= Public holidays in Jordan =

Public holidays in Jordan.

| Date | English name | Local name | Remarks | Official Business |
|---|---|---|---|---|
| 1 January | New Year's Day | Ras Assanah al-Miladi |  | Closed |
| 1 May | Labour Day | Eid el-Ommal |  | Closed |
| 25 May | Independence Day | Eid al-Istiklaal |  | Closed |
| 25 December | Christmas Day | Eid Al Milad Al Majeed, Al Eid Il Sagheer | Christmas in Jordan is celebrated by all denominations according to Catholic date (Orthodox date on January 7). | Closed |
| 1 Muharram | Hijri New Year | Ras Assanah Al Hijri | Islamic New Year | Closed |
| 12 Rabi' al-awwal | Prophet Muhammad's Birthday | Mawlid al-Nabi |  | Closed |
| 1 Shawwal | The Little Feast | Eid al-Fitr | Commemorates end of Ramadan | Closed |
| 10 Dhu'l-Hijja | Feast of the Sacrifice or the Big Feast | Eid al-Adha | Commemorates Abraham's willingness to sacrifice his son. | Closed |

Note: Holidays in Jordan are often flexible.
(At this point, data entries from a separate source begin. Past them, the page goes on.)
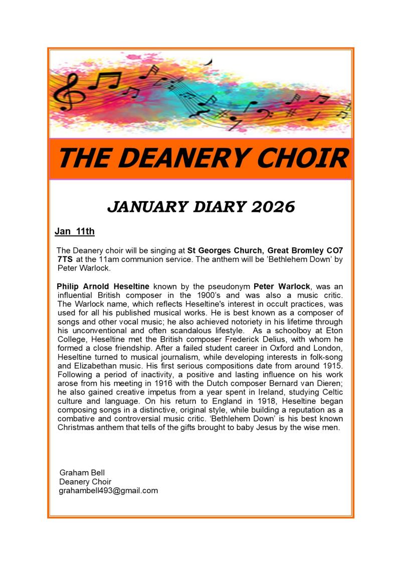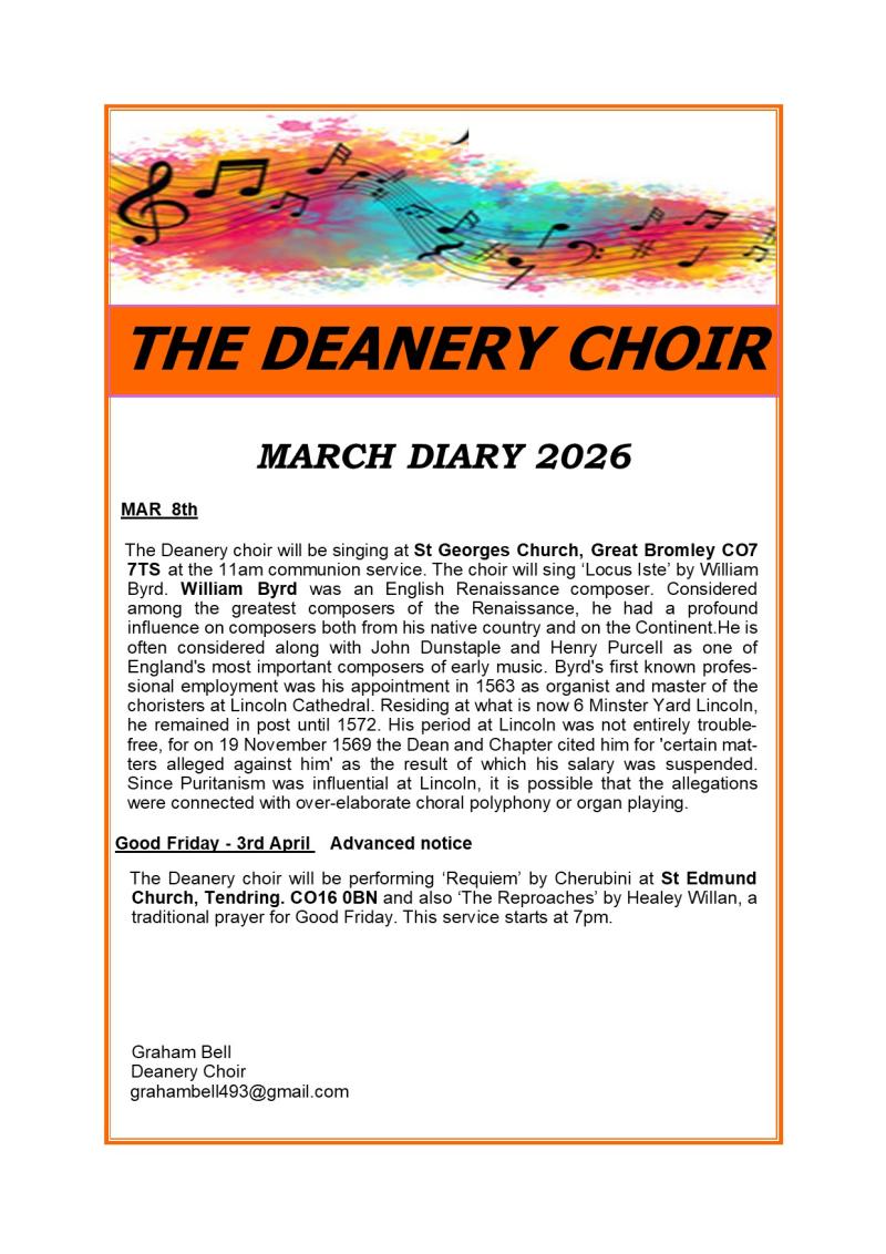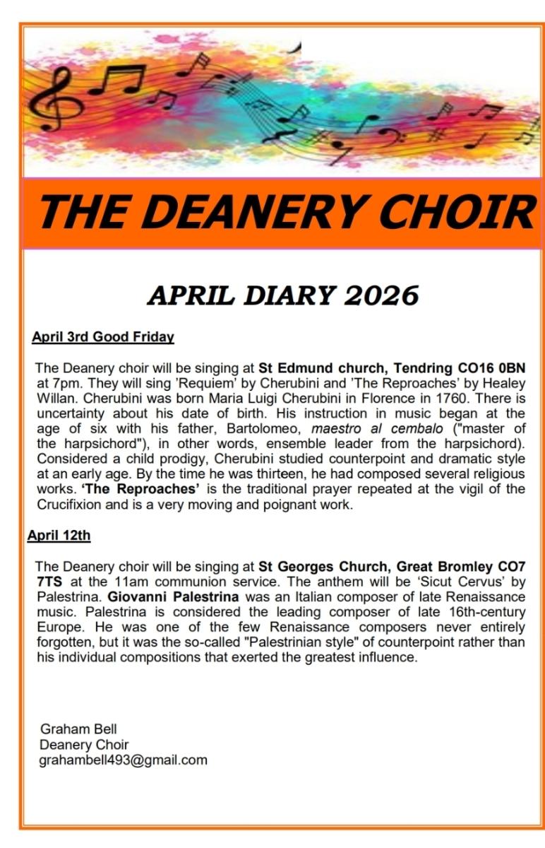 The Deanery Choir supports the music in the Harwich Deanery area and is available to supply music for:
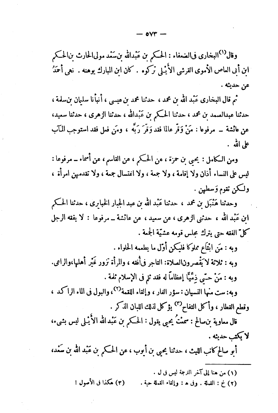 ثم قال البخاري عبد الله بن محمد، حدثنا محمد بن عيسى، أنبأنا سليمان بن سلمة، حدثنا عبد الصمد بن محمد، حدثنا الحكم بن عبد الله، حدثنا الزهري، حدثنا سعيد، عن عائشة - مرفوعاً: من وقر عالما فقد وقر ربه، ومن فعل فقد استوجب المآب على الله.
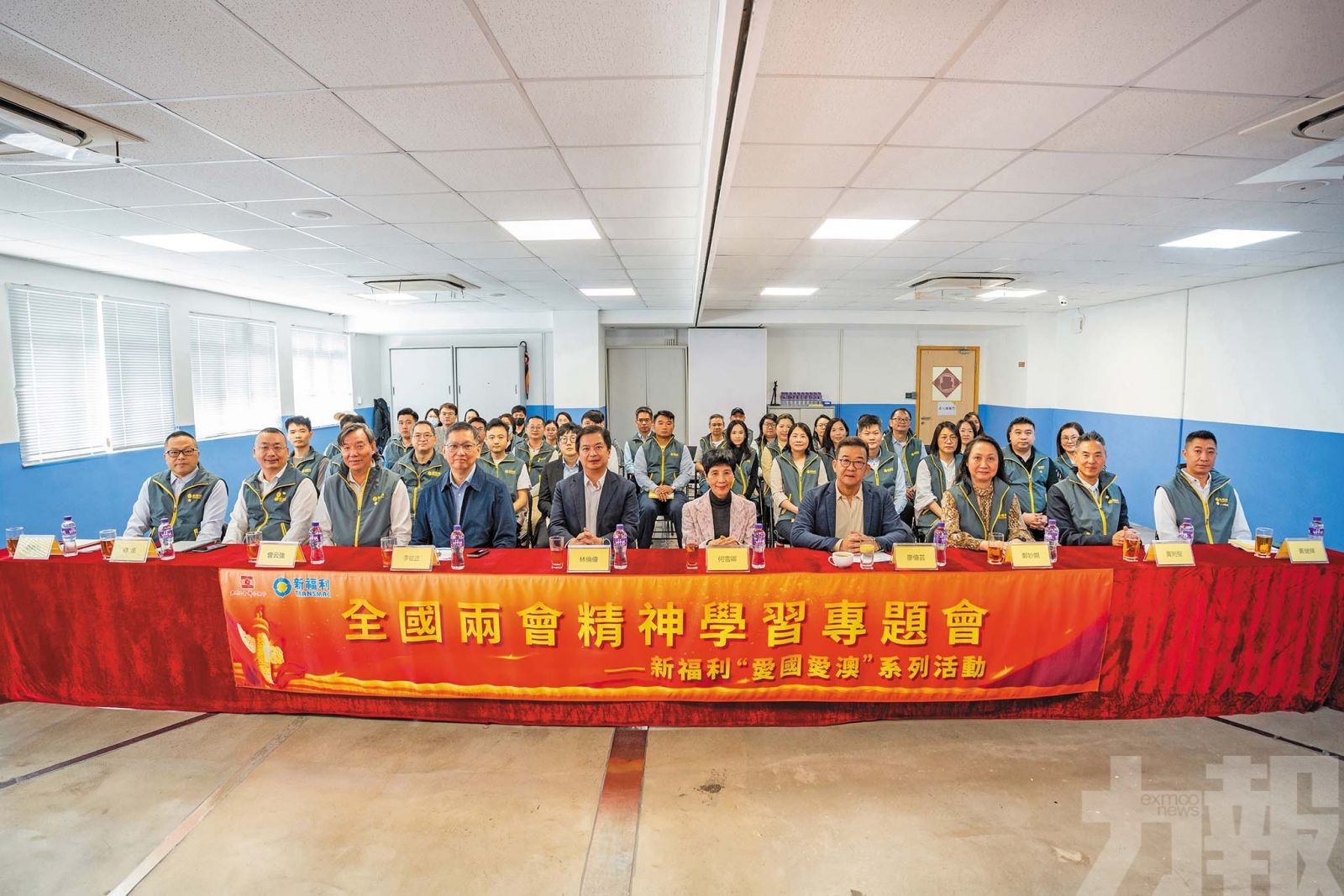 為深入學習貫徹2026年全國「兩會」精神,厚植全體員工愛國愛澳家國情懷,引導員工準確把握國家發展大局、自覺對接國家戰略部署,澳門新福利聯合澳門工會聯合總會(下稱工聯總會),延續「愛國愛澳」系列活動傳統,日前舉辦全國兩會精神專題學習會。
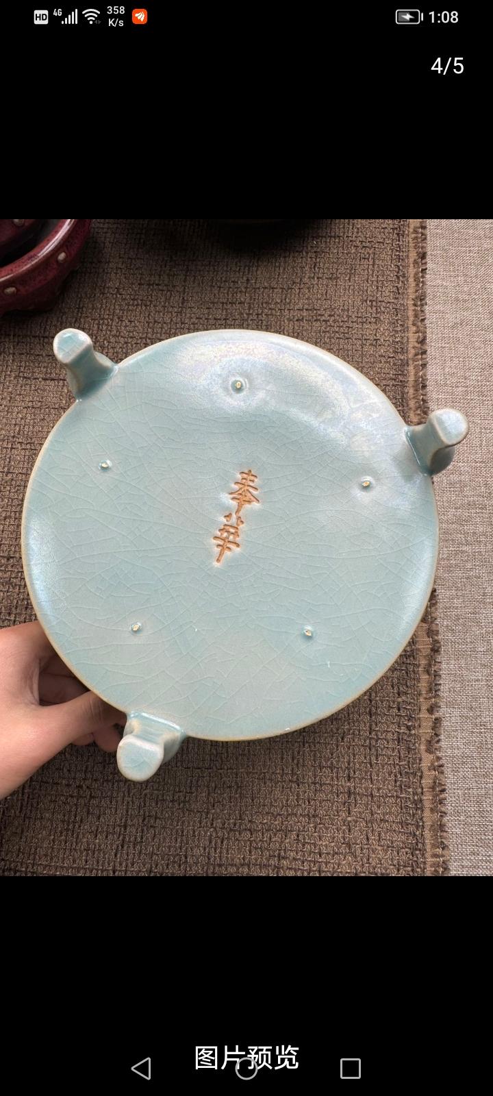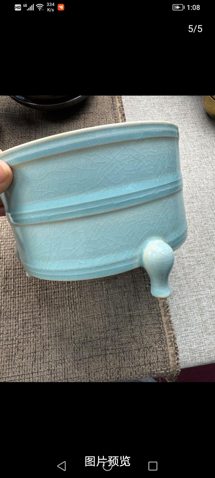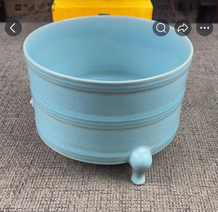 真正的北宋汝瓷是什么样呢? 真正的北宋汝瓷,那可是瓷器界的王者。它位居宋代“汝、官、哥、钧、定”五大名窑之首,有“汝窑为魁”之称。 汝瓷造型古朴大方,多仿青铜器和玉器,像出戟尊、玉壶春瓶等。它以名贵玛瑙为釉,釉色以天青为主,有“雨过天晴云破处”的绝美效果。釉面开片独特,有蝉翼纹、梨皮纹、蟹爪纹等,“蟹爪纹”开片似鱼鳞,斜着有折光率,美极了。 汝瓷胎是浅灰色,像香灰,且胎薄,还有胎和底同厚的工艺。尺寸大多不大,“钧汝不过尺,钧汝无大器”。难怪从古至今,汝瓷都视若珍宝,能与商彝周鼎比贵。
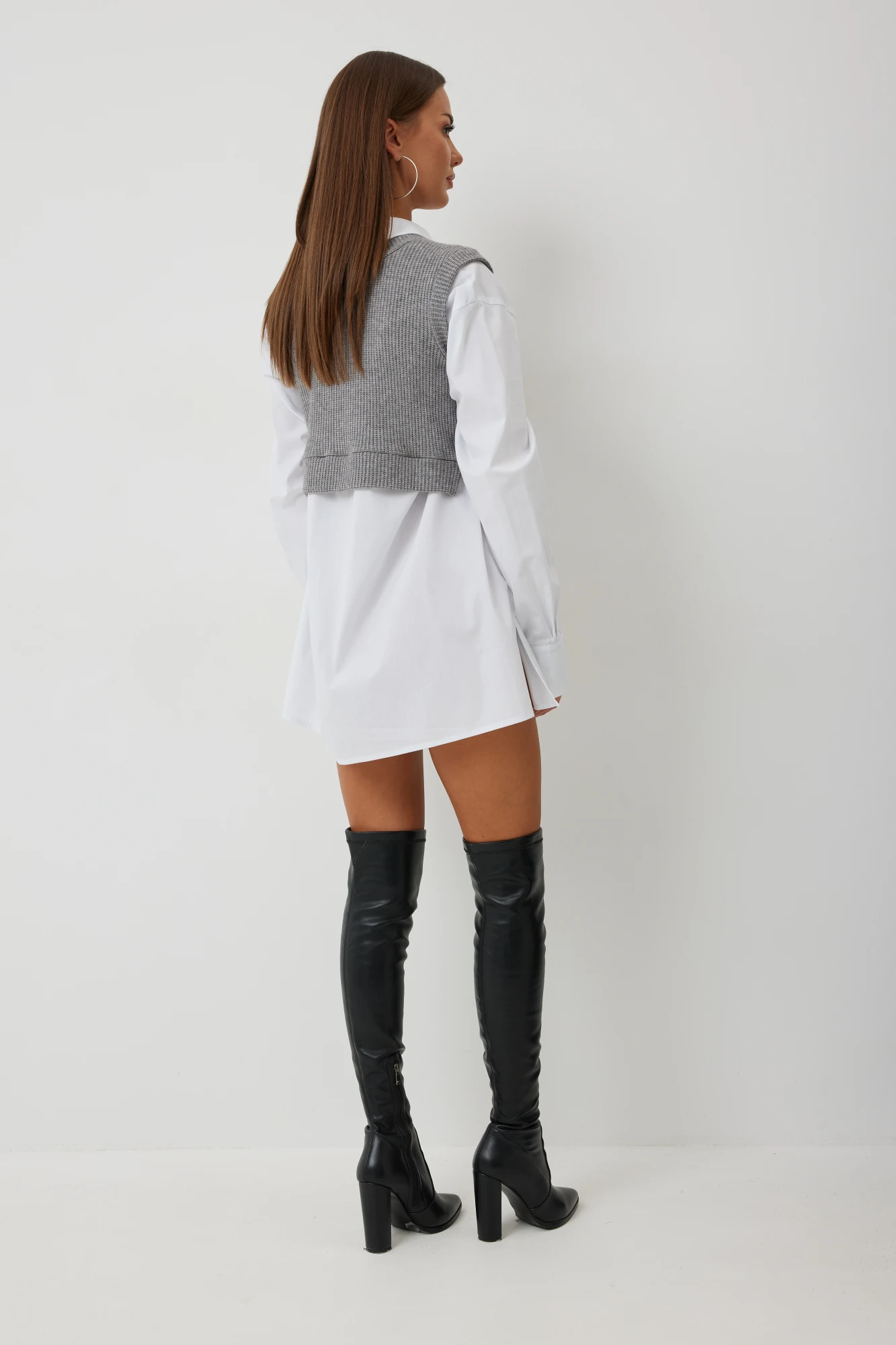 жилет: вязка - 50% вискоза, 25% полиэстер, 25% нейлон рубашка: 65% хлопок, 32% вискоза, 3% спандекс
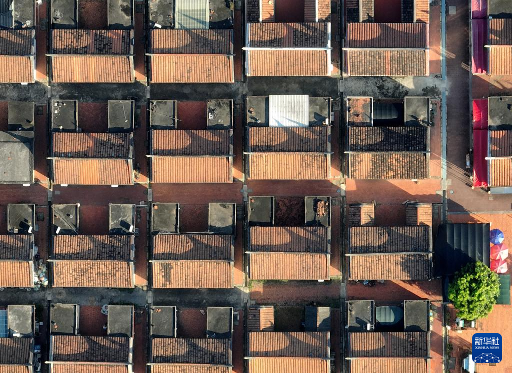 横竖对齐、整齐划一的埭美村古厝群(7月10日摄,无人机照片)。新华社记者 魏培全 摄
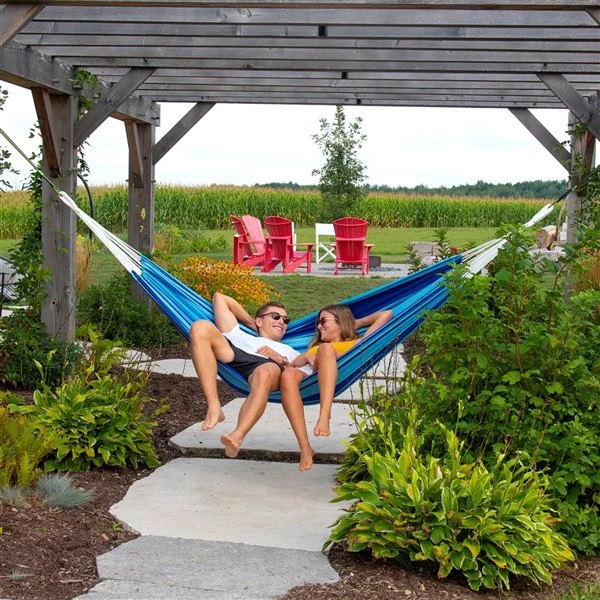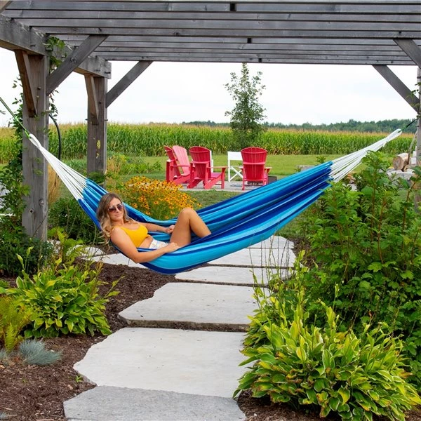 Double size hammock by Vivere offered in a beautiful blue colour.

It is common for the government to change the day which a holiday is supposed to be celebrated on to another day — usually to prolong weekend.

Jordanian Christians also have December 26th, Palm Sunday, Easter Sunday, and Easter Monday as public holidays, with Easter being celebrated by all denominations according to the Orthodox date.